▶ _Work request_
In the data below, locate the line containing "Sa fenêtre circulaire" and the line containing "- 연휴 기간에는 운항", then retype both and everything between them exactly. Pictures are not part of the copy.

▶ _Provided entries_
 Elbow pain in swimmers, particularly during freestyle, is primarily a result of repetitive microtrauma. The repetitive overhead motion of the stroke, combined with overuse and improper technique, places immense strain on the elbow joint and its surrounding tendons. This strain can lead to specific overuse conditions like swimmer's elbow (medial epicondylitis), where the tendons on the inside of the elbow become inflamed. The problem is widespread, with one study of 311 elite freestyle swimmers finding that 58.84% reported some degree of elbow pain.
* * *
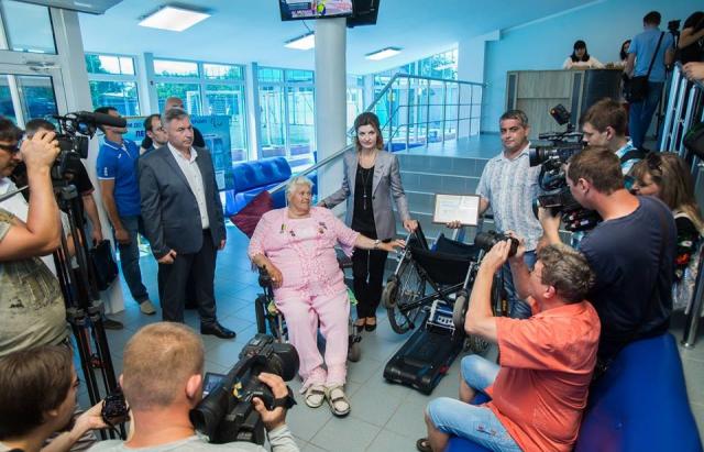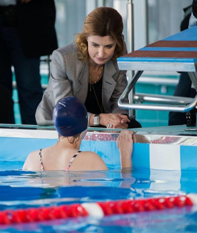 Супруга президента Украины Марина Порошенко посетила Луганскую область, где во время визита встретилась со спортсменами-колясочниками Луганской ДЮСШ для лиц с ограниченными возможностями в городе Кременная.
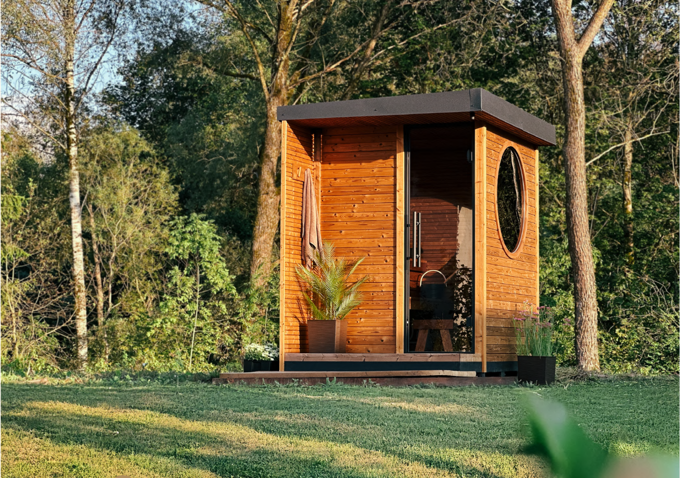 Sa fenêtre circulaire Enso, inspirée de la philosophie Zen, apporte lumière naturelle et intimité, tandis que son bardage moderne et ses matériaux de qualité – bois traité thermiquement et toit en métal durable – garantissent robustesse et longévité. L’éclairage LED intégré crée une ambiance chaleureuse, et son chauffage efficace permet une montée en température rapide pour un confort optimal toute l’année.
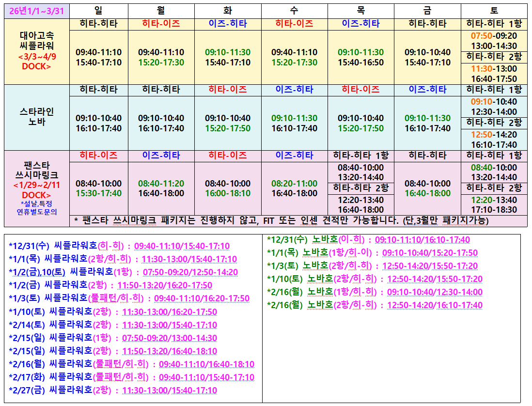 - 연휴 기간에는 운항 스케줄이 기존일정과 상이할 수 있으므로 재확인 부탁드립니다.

▶ _Response to this task_
 Sa fenêtre circulaire Enso, inspirée de la philosophie Zen, apporte lumière naturelle et intimité, tandis que son bardage moderne et ses matériaux de qualité – bois traité thermiquement et toit en métal durable – garantissent robustesse et longévité. L’éclairage LED intégré crée une ambiance chaleureuse, et son chauffage efficace permet une montée en température rapide pour un confort optimal toute l’année.
 - 연휴 기간에는 운항 스케줄이 기존일정과 상이할 수 있으므로 재확인 부탁드립니다.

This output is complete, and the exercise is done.